▸ Your task
Copy out exactly the line that contains "Троє людей постраждали" and all lines following it to the end of the data.

▸ Given records
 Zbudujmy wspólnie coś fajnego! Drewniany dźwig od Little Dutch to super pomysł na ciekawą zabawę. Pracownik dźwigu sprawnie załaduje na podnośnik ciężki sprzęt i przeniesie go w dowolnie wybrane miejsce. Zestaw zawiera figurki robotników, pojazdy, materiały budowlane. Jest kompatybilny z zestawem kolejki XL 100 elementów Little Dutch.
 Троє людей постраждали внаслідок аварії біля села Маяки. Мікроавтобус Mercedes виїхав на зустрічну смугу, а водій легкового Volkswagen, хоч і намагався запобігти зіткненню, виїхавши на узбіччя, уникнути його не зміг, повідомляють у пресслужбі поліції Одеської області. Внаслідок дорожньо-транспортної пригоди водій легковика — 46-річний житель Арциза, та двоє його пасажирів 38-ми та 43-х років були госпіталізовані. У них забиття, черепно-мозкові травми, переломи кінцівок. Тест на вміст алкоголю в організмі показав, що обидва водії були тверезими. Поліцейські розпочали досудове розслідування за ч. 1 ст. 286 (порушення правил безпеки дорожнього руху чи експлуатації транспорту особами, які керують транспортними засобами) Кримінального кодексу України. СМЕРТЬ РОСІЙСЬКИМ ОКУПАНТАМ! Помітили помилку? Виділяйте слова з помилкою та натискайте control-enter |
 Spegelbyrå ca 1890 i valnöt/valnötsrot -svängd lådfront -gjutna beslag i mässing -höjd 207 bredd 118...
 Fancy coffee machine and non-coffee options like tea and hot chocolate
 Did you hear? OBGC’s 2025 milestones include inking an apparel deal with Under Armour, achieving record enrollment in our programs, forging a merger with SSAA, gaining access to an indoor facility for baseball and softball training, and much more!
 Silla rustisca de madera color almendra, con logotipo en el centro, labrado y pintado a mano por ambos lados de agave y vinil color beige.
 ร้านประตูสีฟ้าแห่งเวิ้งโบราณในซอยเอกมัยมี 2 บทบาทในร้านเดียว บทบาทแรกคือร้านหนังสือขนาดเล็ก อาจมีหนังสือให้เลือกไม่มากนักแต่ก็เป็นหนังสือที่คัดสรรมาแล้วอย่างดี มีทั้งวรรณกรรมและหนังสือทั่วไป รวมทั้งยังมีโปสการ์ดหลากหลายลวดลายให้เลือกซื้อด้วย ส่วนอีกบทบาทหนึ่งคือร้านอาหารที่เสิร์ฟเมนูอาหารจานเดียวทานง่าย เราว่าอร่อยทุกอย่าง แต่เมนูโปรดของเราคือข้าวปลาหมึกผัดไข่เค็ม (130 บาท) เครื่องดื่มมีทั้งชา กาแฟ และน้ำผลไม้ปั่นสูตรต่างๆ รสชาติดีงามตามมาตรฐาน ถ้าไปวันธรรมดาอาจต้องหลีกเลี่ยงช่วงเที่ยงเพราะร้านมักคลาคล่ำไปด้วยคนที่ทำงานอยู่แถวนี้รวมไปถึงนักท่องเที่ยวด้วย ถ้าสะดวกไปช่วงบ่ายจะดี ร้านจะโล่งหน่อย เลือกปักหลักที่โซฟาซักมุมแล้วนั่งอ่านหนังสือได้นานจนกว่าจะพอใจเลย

▸ Answer section
 Троє людей постраждали внаслідок аварії біля села Маяки. Мікроавтобус Mercedes виїхав на зустрічну смугу, а водій легкового Volkswagen, хоч і намагався запобігти зіткненню, виїхавши на узбіччя, уникнути його не зміг, повідомляють у пресслужбі поліції Одеської області. Внаслідок дорожньо-транспортної пригоди водій легковика — 46-річний житель Арциза, та двоє його пасажирів 38-ми та 43-х років були госпіталізовані. У них забиття, черепно-мозкові травми, переломи кінцівок. Тест на вміст алкоголю в організмі показав, що обидва водії були тверезими. Поліцейські розпочали досудове розслідування за ч. 1 ст. 286 (порушення правил безпеки дорожнього руху чи експлуатації транспорту особами, які керують транспортними засобами) Кримінального кодексу України. СМЕРТЬ РОСІЙСЬКИМ ОКУПАНТАМ! Помітили помилку? Виділяйте слова з помилкою та натискайте control-enter |
 Spegelbyrå ca 1890 i valnöt/valnötsrot -svängd lådfront -gjutna beslag i mässing -höjd 207 bredd 118...
 Fancy coffee machine and non-coffee options like tea and hot chocolate
 Did you hear? OBGC’s 2025 milestones include inking an apparel deal with Under Armour, achieving record enrollment in our programs, forging a merger with SSAA, gaining access to an indoor facility for baseball and softball training, and much more!
 Silla rustisca de madera color almendra, con logotipo en el centro, labrado y pintado a mano por ambos lados de agave y vinil color beige.
 ร้านประตูสีฟ้าแห่งเวิ้งโบราณในซอยเอกมัยมี 2 บทบาทในร้านเดียว บทบาทแรกคือร้านหนังสือขนาดเล็ก อาจมีหนังสือให้เลือกไม่มากนักแต่ก็เป็นหนังสือที่คัดสรรมาแล้วอย่างดี มีทั้งวรรณกรรมและหนังสือทั่วไป รวมทั้งยังมีโปสการ์ดหลากหลายลวดลายให้เลือกซื้อด้วย ส่วนอีกบทบาทหนึ่งคือร้านอาหารที่เสิร์ฟเมนูอาหารจานเดียวทานง่าย เราว่าอร่อยทุกอย่าง แต่เมนูโปรดของเราคือข้าวปลาหมึกผัดไข่เค็ม (130 บาท) เครื่องดื่มมีทั้งชา กาแฟ และน้ำผลไม้ปั่นสูตรต่างๆ รสชาติดีงามตามมาตรฐาน ถ้าไปวันธรรมดาอาจต้องหลีกเลี่ยงช่วงเที่ยงเพราะร้านมักคลาคล่ำไปด้วยคนที่ทำงานอยู่แถวนี้รวมไปถึงนักท่องเที่ยวด้วย ถ้าสะดวกไปช่วงบ่ายจะดี ร้านจะโล่งหน่อย เลือกปักหลักที่โซฟาซักมุมแล้วนั่งอ่านหนังสือได้นานจนกว่าจะพอใจเลย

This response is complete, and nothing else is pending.